You don’t have to be good. You don’t have to walk on your knees for 100 miles through the desert, repenting. You only have to let the soft animal of your body love what it loves. You only have to gentle enough to understand: even you are only human. You make mistakes. You hurt the ones you love. You let people down. You carry these things with you in a life. You were unkind to your father that late afternoon on his big stone porch in Echo Park the last time you saw him. You yelled at Sofia bare months before she died when she began peeing on the floor instead of using the cat box. You thought Sable had ear mites, that he missed Sofia, that he was losing weight because of his irritable bowel disease. You didn’t think kidney failure until that Saturday morning when he was dangerously dehydrated and you rushed him to the vet. Now he’s dead, and you think you should have known. You should have saved him, could have had him here beside you for another handful of years like you always imagined. But now he’s dead. We carry these things with us in a life. We live with them, wrestle with them, these deep regrets. If we are lucky we make peace with them, let them lay down on the moist earth inside us, our rich decay. If we are lucky, good things grow.

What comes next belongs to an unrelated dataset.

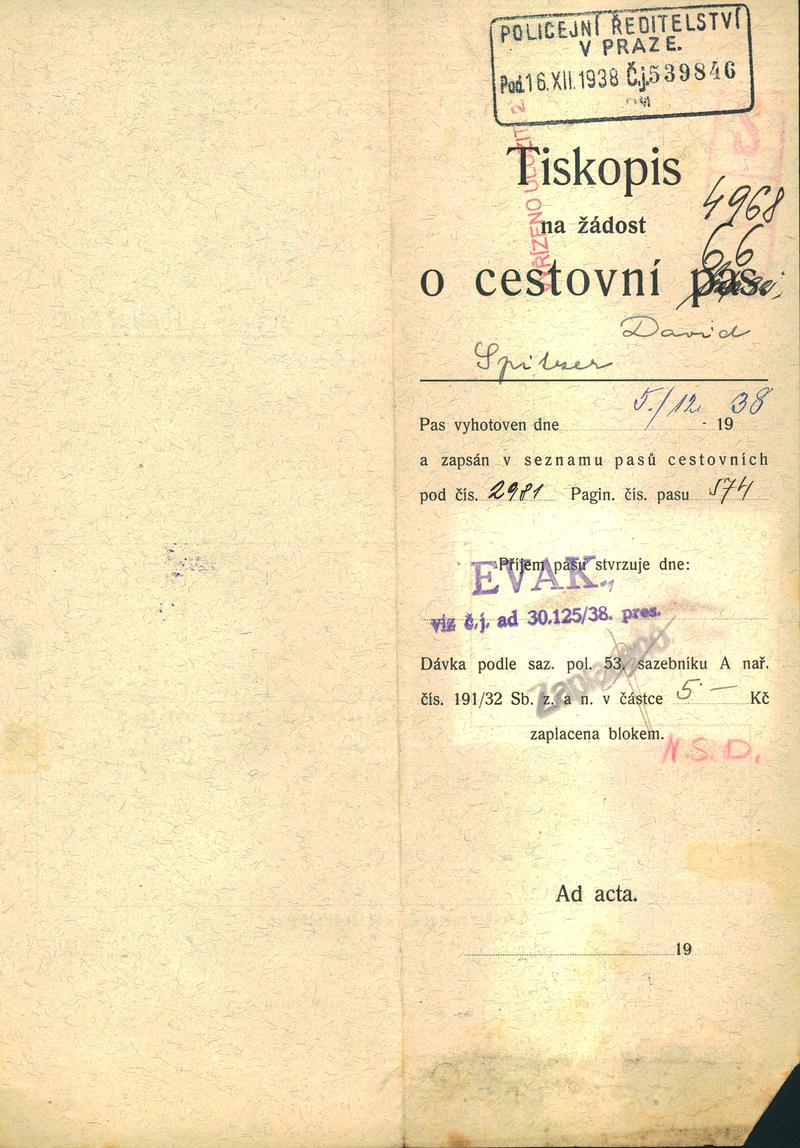 Nationalarchiv Prag > Polizei-Direktion Prag > 1931-1940 > S > Spitzer David

[Editor’s note: The first three sentences here are from a Mary Oliver poem titled Wild Geese. This came from a writing exercise in a workshop I attended called “The Way of Story” by Catherine Ann Jones.)

Goodbye (Again) (39)

Coming home tonight in the new dark takes me by surprise. I start crying as soon as I unlock the door. No one is here. It hits hard. It strikes like physical pain, has me bending partway over in the doorway. I am so foggy I left this afternoon without my wallet, only the dollar for bus fare I had in my pocket this morning when I decided to walk home from the vet, the carrier light in my hand. Sable alive and purring, tangible moments in the little room. After, I carried his small limp form to the back, laid him down on the table, tucked his ratty catnip mouse near his chin. Way too many layers to touch on much of it now, eyes drooping from our near sleepless night together. Harder, though, than any of the others, I think. There was so much life in him still, my vigorous little boy cat, my big love. Later I will try to do you justice. Tonight, when I settle in without you, I will see what comes. I have been pulled away by work, by people, much of the day. I am looking forward to returning to you tonight while you are still fresh in me. I know how quickly you can fade. When I lie here in the dark I will hold to me sweet memory, the small weight of your tiny form pressed against me in the night, the way you purred almost until the end. My brave little one, I am so proud of you. My dear Boo, sweet dreams.

Holding Hope (38)

My black cat lying on the bed

Yesterday I made a wish on Venus, the morning star caught in the early half light through the louvered windows above my bed. Coming home last night I saw the southern cross hanging in the dark sky, and I stopped in the middle of the road near our home. I stood there for a long time talking to the heavens, beseeching the cat gods. Both times I was stunned by how big hope is, how core to humankind. And so, again and again I banish my fear and turn away from the draw of agonized remorse. I open to hope. I want to grab hold wth both fists, hang on for dear life, but I know it doesn’t work that way. We have to open to hope even when it hurts. We hold our arms out wide while feathers brush across our open palms. My little one is poised between the worlds, so I open to hope, to true dreams of having him home again, playing with his ratty catnip toy I have waiting on the pillow, racing across the courtyard in mad cat abandon, happy and well. When I visit I send him mental pictures of just that, and of sleeping curled together on our bed. I open to hope, and beside the deep sweetness and the ache of it sits the knowing I may lose him, the knowing I may need to let him go. So, I hold them both and pray. And as I write, it feels important to send this out into the world, my prayer made manifest, like a kite breaking free of its tether, or a bright red balloon drifting across the sky, whispering to the gods. I whisper, too. “I love you, Boo.” And, “Please stay.”